Familial occurrence of primary glomerulonephritis: evidence for a role of genetic factors.

Chronic glomerulonephritis was diagnosed in 23 patients born in a small valley in Northern Italy and in five additional patients with one parent or a more remote ancestor born in the same area, all belonging to three potentially related families. Eighteen patients had biopsy-proven glomerulonephritis: 11 IgA nephropathy, 3 IgM nephropathy, 2 membranoproliferative type I, and 2 mesangial proliferative glomerulonephritis with isolated C3 deposits. Ten had clinical glomerulonephritis.
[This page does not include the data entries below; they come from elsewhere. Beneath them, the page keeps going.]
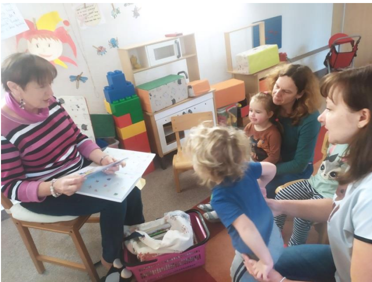
Bookstart – S knížkou do života
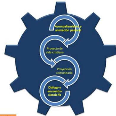
COMPONENTES DE LA DIMENSIÓN EVANGELIZADORA

Dimensión pedagógica académica: Está entendida como el conjunto de principios, criterios y estrategias que orientan y canalizan la formación de excelentes seres humanos, auténticos cristianos y verdaderos servidores de la sociedad.
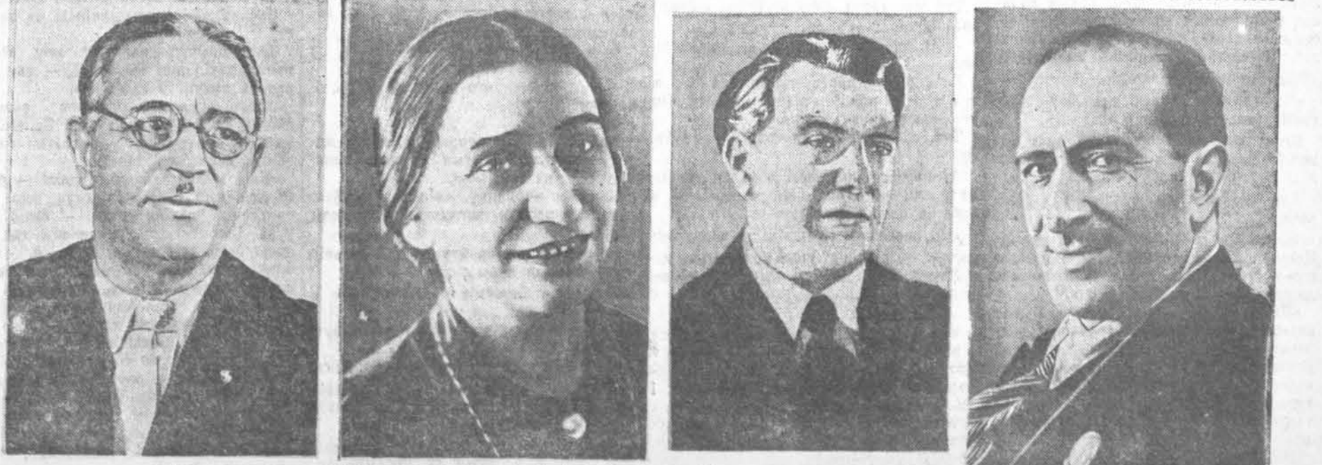
Народныя артысты СССР (злева направа): Узеір Гаджыбекаў, Шаўкет Мамедава, Р. М. Гліэр, Бюль-Бюль (Мамедава).

A community screening programme discovered six additional related patients. Two underwent renal biopsy (1 IgA nephropathy; 1 focal glomerulosclerosis); four were diagnosed as having clinical glomerulonephritis. Genealogical investigation identified five deceased family members with diagnoses of chronic nephritis recorded on their death certificates. No environmental nephrotoxic factors were identified. Restriction fragment length polymorphism (RFLP) analysis of HLA-DR beta, HLA-DQ alpha and beta genes, and complement typing for C4A, C4B, and Bf polymorphisms were carried out for 29 patients, 168 healthy relatives, and 24 local controls. The frequency of HLA-Dw8.1 specificity, related to DR beta 8, DQ beta 3b, and DQ alpha 1a RFLPs, was significantly increased more in the affected and unaffected pedigree members than in Italian controls.